BiGEST (Biosynthetic Gene Eukaryotic Search Tool) is a BLAST-based tool that will search any genome fasta file and annotate them with Nonribosomal peptide synthetases (NRPS) and polyketide synthases (PKS). BiGEST uses a subset of the NCBI CDD Database to search for domains that are a part of NRPS/PKS Gene clusters, according to Synthaser: a CD-Search enabled Python toolkit for analysing domain architecture of fungal secondary metabolite megasynth(et)ases.
BiGEST can also take an antiSMASH output and overlay those results with BiGEST annotated domains to get a fully comprehensive look at the genome given.
- Clone the repo
- Install dependencies
The required dependencies are:
- python 3.6+
- blast+ 2.14.0+
- biopython 1.81+
- antiSMASH 7.1.0+
These can be downloaded individually or as a conda package with : BiGEST_environment.yml
Due to an issue in the antiSMASH conda download, you need to downgrade the GFF parser (bcbio-gff) in order for antismash to run correctly.
conda env create --name BiGEST --file=BiGEST_environment.yml
conda activate BiGEST
conda install bcbio-gff=0.7.0
At its most basic, BiGEST requires an rpstblastn search, fasta file, and output directory. However, there are multiple ways BiGEST can be run. The blast input can be pre-run with the blast scripts, or at the same time as the entire BiGEST run.
The BiGEST annotation workflow is typically:
-
BLAST analysis on the given fasta file against the full CDD database, or the subset of Sythaser-identified-domains included in this repository can be used instead (seen at db/BiGEST).
This can be done beforehand but it is recommended to run the rpstblastn search simultaenously with the BiGEST run to ensure the correct formatting of the blast output see section "Reminders" before running BiGEST.
-
antiSMASH analysis on the given fasta file
This can be done beforehand and the output GenBank file can be used as BiGEST input.
-
Filtering and Compiling the BLAST and antiSMASH results as necessary to only include hits relevant to NRPS and PKS domains.
-
Visualizing with a PDF and GenBank output.
Fasta input can be gzipped or not.
./BiGEST.py\
-d /home/user/BiGEST/db/BiGEST_DB
-f /home/user/fasta_file/my_fa.fasta
-o /home/user/BiGEST/output/
-a True
./BiGEST.py\
-i /home/user/BiGEST/blast_output/my_fasta_rpstblastn.txt
-f /home/user/fasta_file/my_fasta.fa
-o /home/user/BiGEST/output/
-a /home/user/BiGEST/antiSMASH_output/my_fasta/my_fasta.gbk
-
Most importantly, if BLAST has already been run and will be an input to BiGEST, there are several positions in the output required for BiGEST to run.
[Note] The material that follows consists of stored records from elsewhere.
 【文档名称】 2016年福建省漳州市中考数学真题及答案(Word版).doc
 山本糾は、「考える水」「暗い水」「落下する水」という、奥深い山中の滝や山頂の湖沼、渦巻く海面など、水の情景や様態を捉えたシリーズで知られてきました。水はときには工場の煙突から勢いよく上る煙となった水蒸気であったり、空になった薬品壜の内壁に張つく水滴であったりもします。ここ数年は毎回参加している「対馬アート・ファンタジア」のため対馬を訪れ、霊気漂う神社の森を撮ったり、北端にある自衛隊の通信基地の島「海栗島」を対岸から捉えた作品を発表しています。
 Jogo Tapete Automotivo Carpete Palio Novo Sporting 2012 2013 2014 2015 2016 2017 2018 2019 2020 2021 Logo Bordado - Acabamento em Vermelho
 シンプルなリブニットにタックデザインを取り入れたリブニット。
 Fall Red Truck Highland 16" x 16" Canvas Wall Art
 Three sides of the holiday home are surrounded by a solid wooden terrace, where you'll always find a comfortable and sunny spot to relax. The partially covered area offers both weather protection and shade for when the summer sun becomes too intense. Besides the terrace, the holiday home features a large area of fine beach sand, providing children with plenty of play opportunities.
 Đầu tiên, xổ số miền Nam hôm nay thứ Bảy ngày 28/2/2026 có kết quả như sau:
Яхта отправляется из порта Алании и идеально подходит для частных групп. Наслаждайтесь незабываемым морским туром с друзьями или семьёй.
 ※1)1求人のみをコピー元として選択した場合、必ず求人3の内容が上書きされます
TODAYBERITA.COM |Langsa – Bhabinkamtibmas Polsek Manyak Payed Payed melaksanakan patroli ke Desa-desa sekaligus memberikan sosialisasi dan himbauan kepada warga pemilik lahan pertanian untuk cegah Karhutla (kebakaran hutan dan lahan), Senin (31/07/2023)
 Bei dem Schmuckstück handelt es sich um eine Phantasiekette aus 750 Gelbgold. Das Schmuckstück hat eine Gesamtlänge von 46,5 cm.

The BLAST command should use output format 6 with options in this order:
"-outfmt 6 qseqid sseqid pident length qstart qend sstart send evalue bitscore stitle gaps qseq sseq sacc slen"
Depending on the size of your input fasta, BiGEST can take anywhere from a few seconds to many minutes to run. If blast or antiSMASH needs to be run, it will take longer. Using the included subsetted blast database (db/BIGEST_DB) in place of the full CDD blast database will decrease your run time incredibly.
When the script is done, there should be mutliple files, all named with the same basename as your fasta file. These files include:
- a GenBank file with the BGC matches found by BiGEST
- a text file with the rpstblastn hits that were qualified as BiGEST BGC hits
- a BED file with the locations of each blast (and antiSMASH if given) domain related to BGCs
- a GFF3 file with the locations of each blast domain related to BGCs
- a folder, 'figures', with pdf images displaying each BGC found
If antiSMASH was included in the run:
- a "combined" GenBank file with the BGC matches found by both BiGEST and antiSMASH to allow for easy viewing with overlaid results
Sample scripts of these files can be found in Example/output of this github repository. In the Example directory, there are instructions to test the installation with an example algal genome, Chlorella sorokiniana UTEX 1230.